# Grinder Rest for Proprietary Jigs



## Spindle (19 Mar 2014)

Hi

I’ve owned a Tormek wet stone grinder for a good ten years now and whilst I think it’s superb for sharpening my woodturning tools I’m afraid it’s a ‘labour of love’ to do any re-profiling – even with repeated re-grades of the wheel it seems to take a lifetime.
A while ago I bought an 8” white wheel grinder with the aim of using it for tool re-profiling and duly jury rigged the Tormek support bar to enable me to use it's jigs on the grinder. It worked, but I was never satisfied with the design and functionality so I decided to try and design a support which was integral to the grinder and allowed a degree of fine adjustment.
I had all of the materials to hand, (left over from other projects), most of which were bought at the local ‘shed’

I decided to ‘reverse’ the direction of the grinder, which I thought would be a quick job to effectively spin the base through 180°. Spinning the base was fairly easy, however it turned out that the wheel spindles are different lengths requiring the wheels to remain in their original positions and as the wheel guards are dedicated to the wheels by virtue of their width I couldn’t, as planned, swap the guards end for end. Instead I had to grind off the spot welds holding the guard inner cover and shield together, swap the shields and re-weld. Not a big task but one I hadn’t planned on having to do.

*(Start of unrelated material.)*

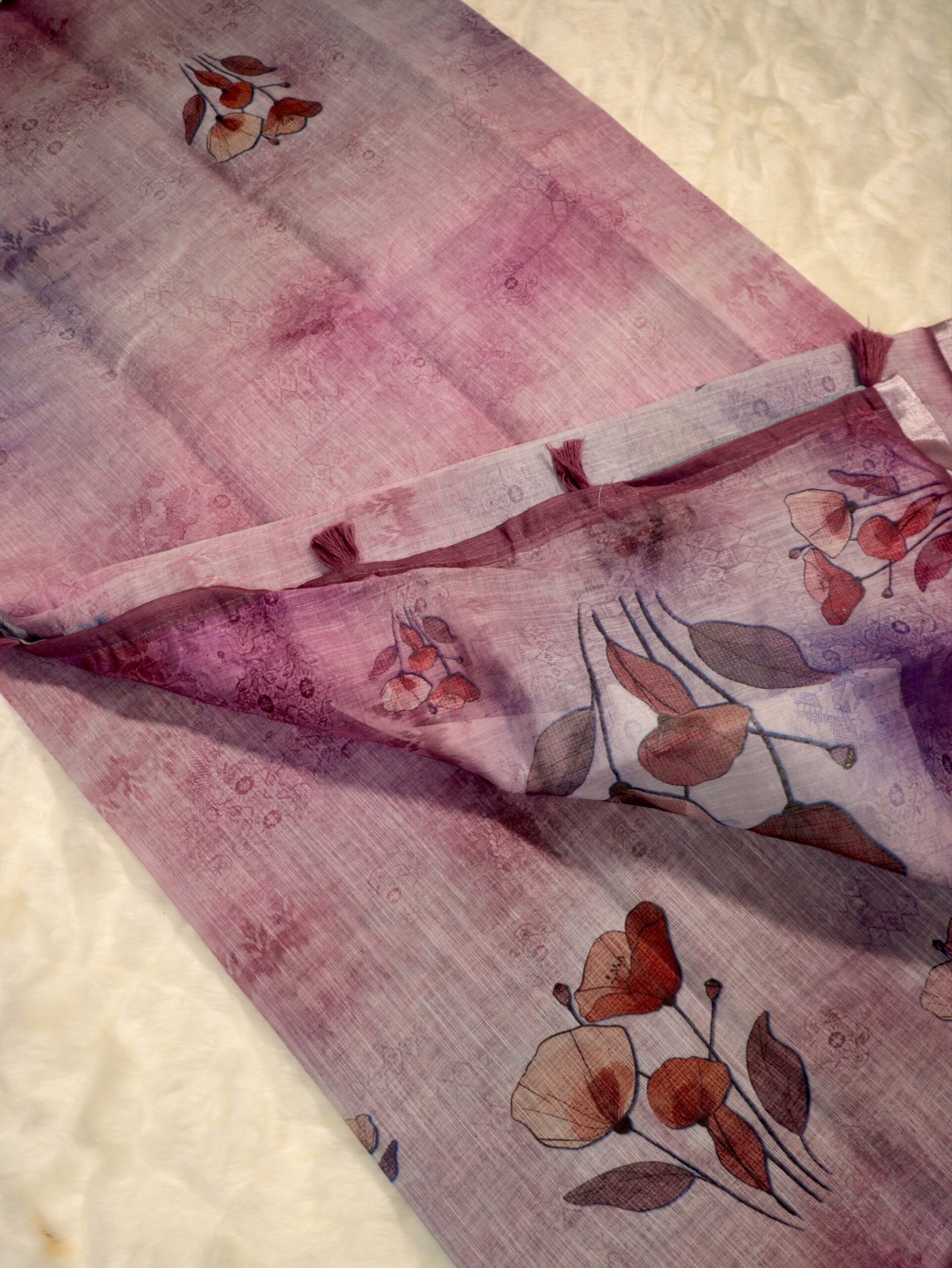 Elegant digital floral print inspired by soft botanical elements. Subtle watercolour-style finish across the body. Fine printed border with coordinated tassel detailing. Minimal yet artistic look that feels refined and contemporary. The lightweight fabric and airy weave make it extremely comfortable for long hours, while the soft neutral tone ensures effortless styling for workwear and casual outings.

Here’s the whole thing assembled to the grinder.

Photo removed whilst modification in progress

The rest is adjustable vertically(ish) via the two threaded supports and can be locked in position with grub screws in the collars. The wooden knob adjusts the distance of the support from the wheel and allows me to match the existing bevel on the tool to the wheel quickly and easily.

Regards Mick


----------



## MickCheese (20 Mar 2014)

That looks really well made, very professional.

Mick


----------



## Bigdanny (20 Mar 2014)

Looks the dogs nuts to me for using Tormek stuff on ordinary grinders.

Can I have one..... (hammer) 

D


----------



## CHJ (20 Mar 2014)

Top marks for quality of build and flexibility of controlled adjustment.


----------



## xy mosian (20 Mar 2014)

Nicely done Mick. I like the 'let's get this sorted attitude' to the problem with the guards.
xy


----------



## Spindle (20 Mar 2014)

Hi

Thanks for the comments, it took quite a bit of thinking about to arrive at what I wanted and CAD proved it's worth in confirming the functionality and dimensions. It does just what I wanted and the whole set up, grinder included cost in the region of £100  

Regards Mick


----------



## SammyQ (4 Apr 2014)

Bump: PICS?????????????????????????


----------